### Information shown
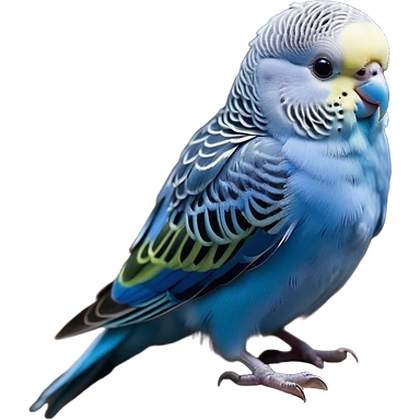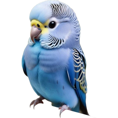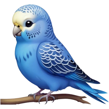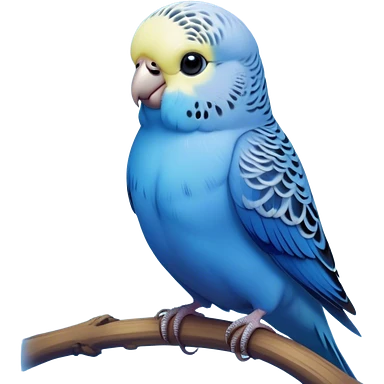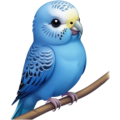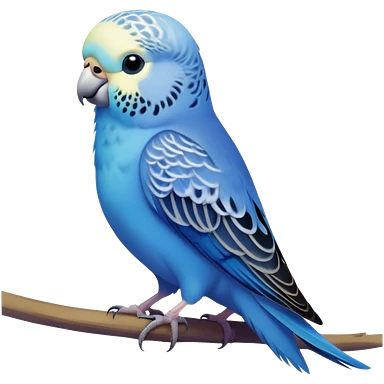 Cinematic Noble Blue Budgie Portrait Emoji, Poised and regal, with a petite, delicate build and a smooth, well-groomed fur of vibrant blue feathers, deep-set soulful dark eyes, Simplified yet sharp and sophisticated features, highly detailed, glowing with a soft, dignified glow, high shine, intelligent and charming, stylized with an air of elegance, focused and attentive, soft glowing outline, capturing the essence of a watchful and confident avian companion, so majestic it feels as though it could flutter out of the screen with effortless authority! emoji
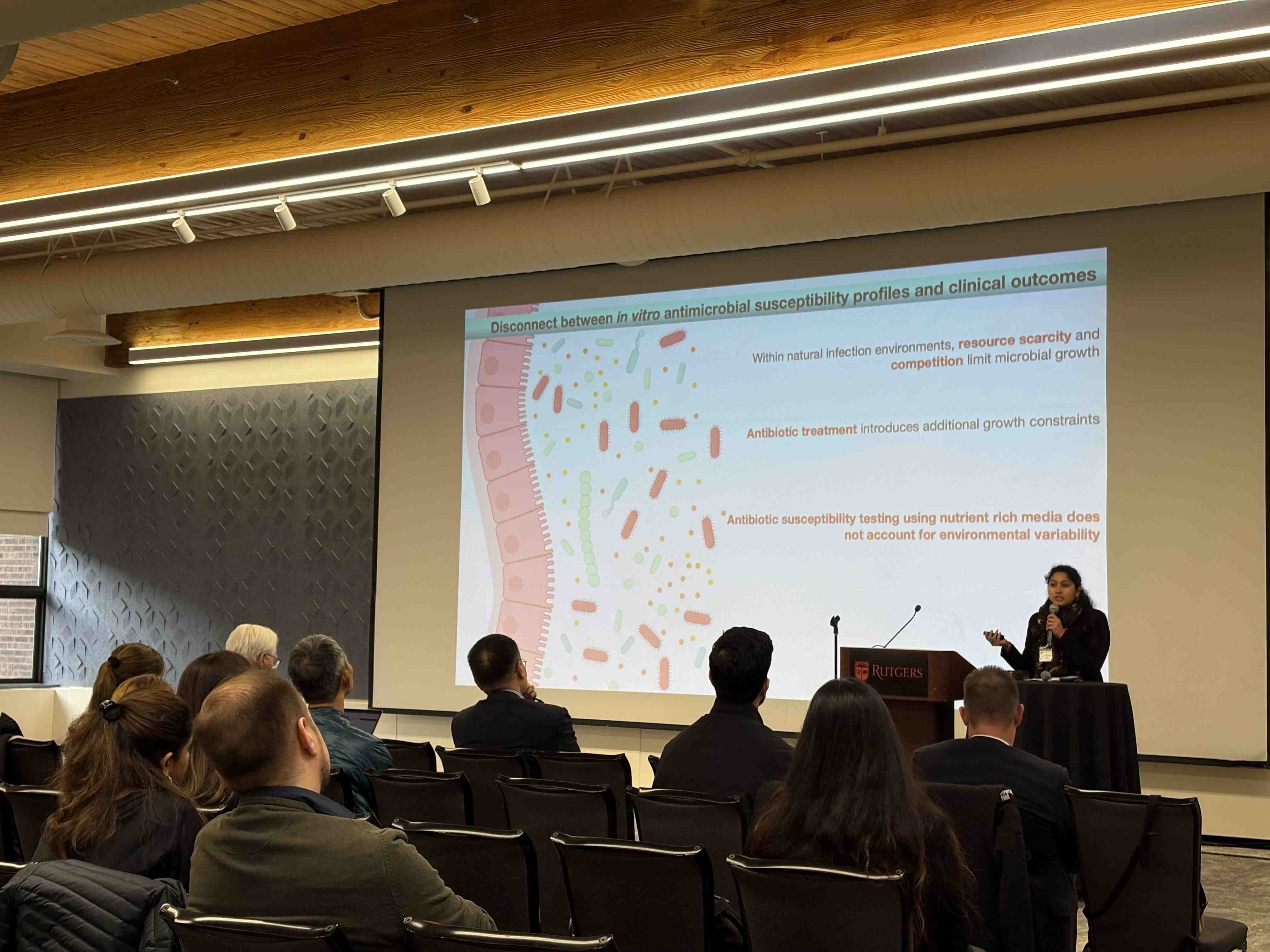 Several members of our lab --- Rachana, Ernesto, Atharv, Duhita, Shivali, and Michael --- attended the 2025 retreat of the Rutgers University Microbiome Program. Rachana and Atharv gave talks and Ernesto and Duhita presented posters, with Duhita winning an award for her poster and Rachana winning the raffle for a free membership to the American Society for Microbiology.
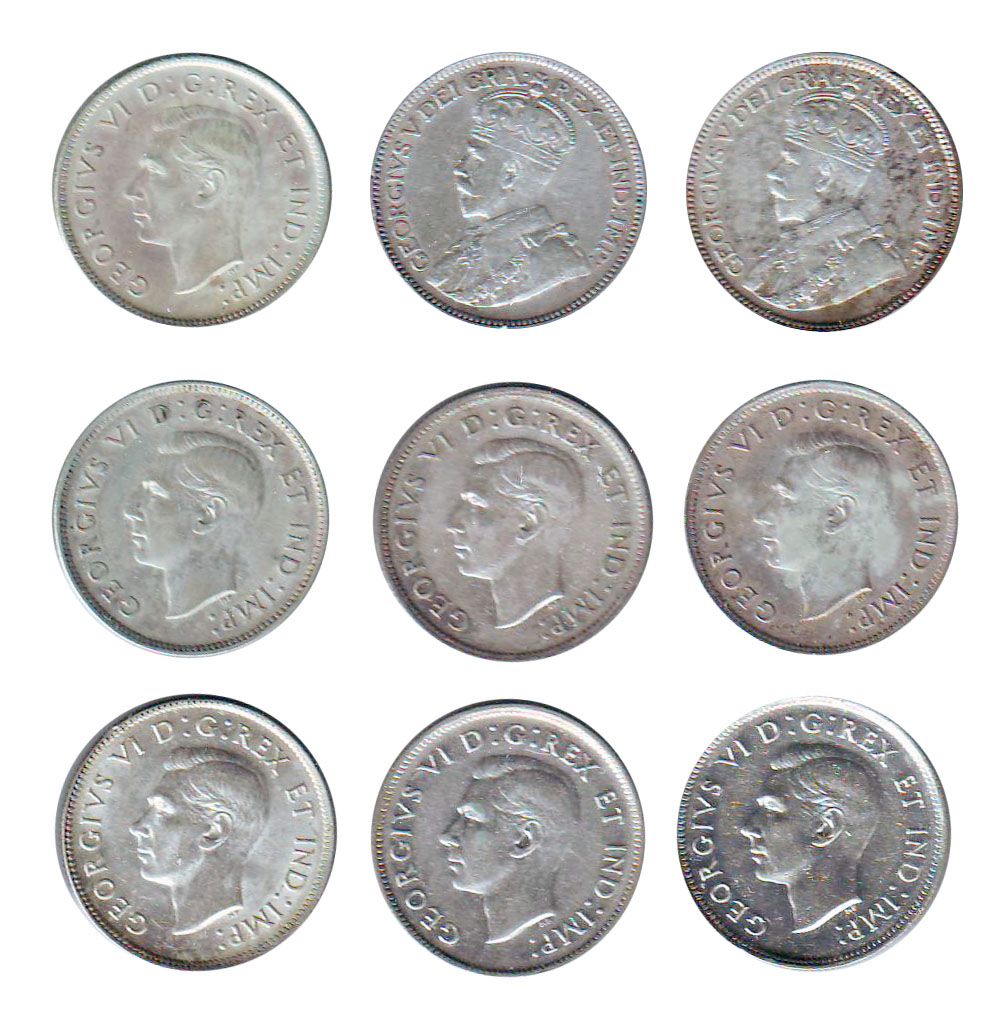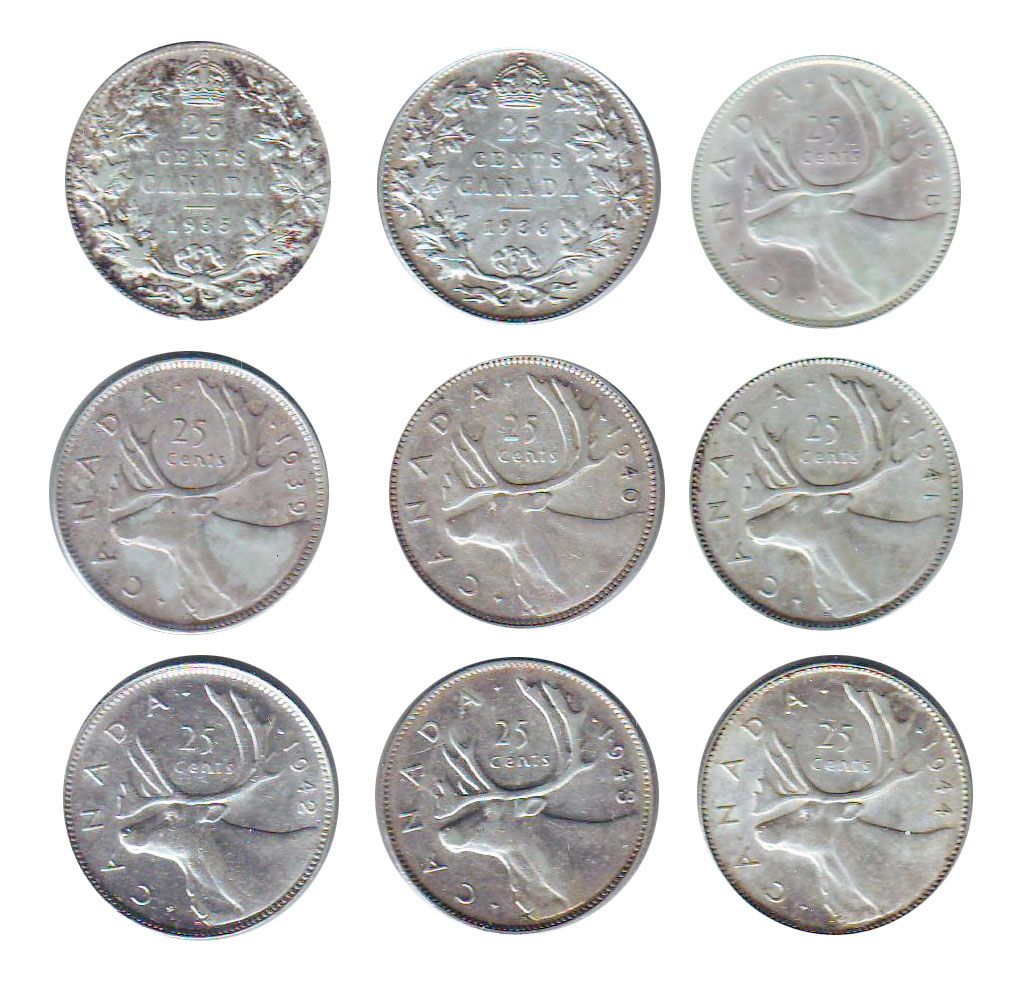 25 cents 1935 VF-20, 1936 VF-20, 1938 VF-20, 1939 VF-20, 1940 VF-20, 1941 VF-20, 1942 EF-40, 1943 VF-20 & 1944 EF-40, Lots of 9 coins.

### What the task asks
Any picture in the listing above gets left out; output the rest exactly.

### Output
 Cinematic Noble Blue Budgie Portrait Emoji, Poised and regal, with a petite, delicate build and a smooth, well-groomed fur of vibrant blue feathers, deep-set soulful dark eyes, Simplified yet sharp and sophisticated features, highly detailed, glowing with a soft, dignified glow, high shine, intelligent and charming, stylized with an air of elegance, focused and attentive, soft glowing outline, capturing the essence of a watchful and confident avian companion, so majestic it feels as though it could flutter out of the screen with effortless authority! emoji
 Several members of our lab --- Rachana, Ernesto, Atharv, Duhita, Shivali, and Michael --- attended the 2025 retreat of the Rutgers University Microbiome Program. Rachana and Atharv gave talks and Ernesto and Duhita presented posters, with Duhita winning an award for her poster and Rachana winning the raffle for a free membership to the American Society for Microbiology.
 25 cents 1935 VF-20, 1936 VF-20, 1938 VF-20, 1939 VF-20, 1940 VF-20, 1941 VF-20, 1942 EF-40, 1943 VF-20 & 1944 EF-40, Lots of 9 coins.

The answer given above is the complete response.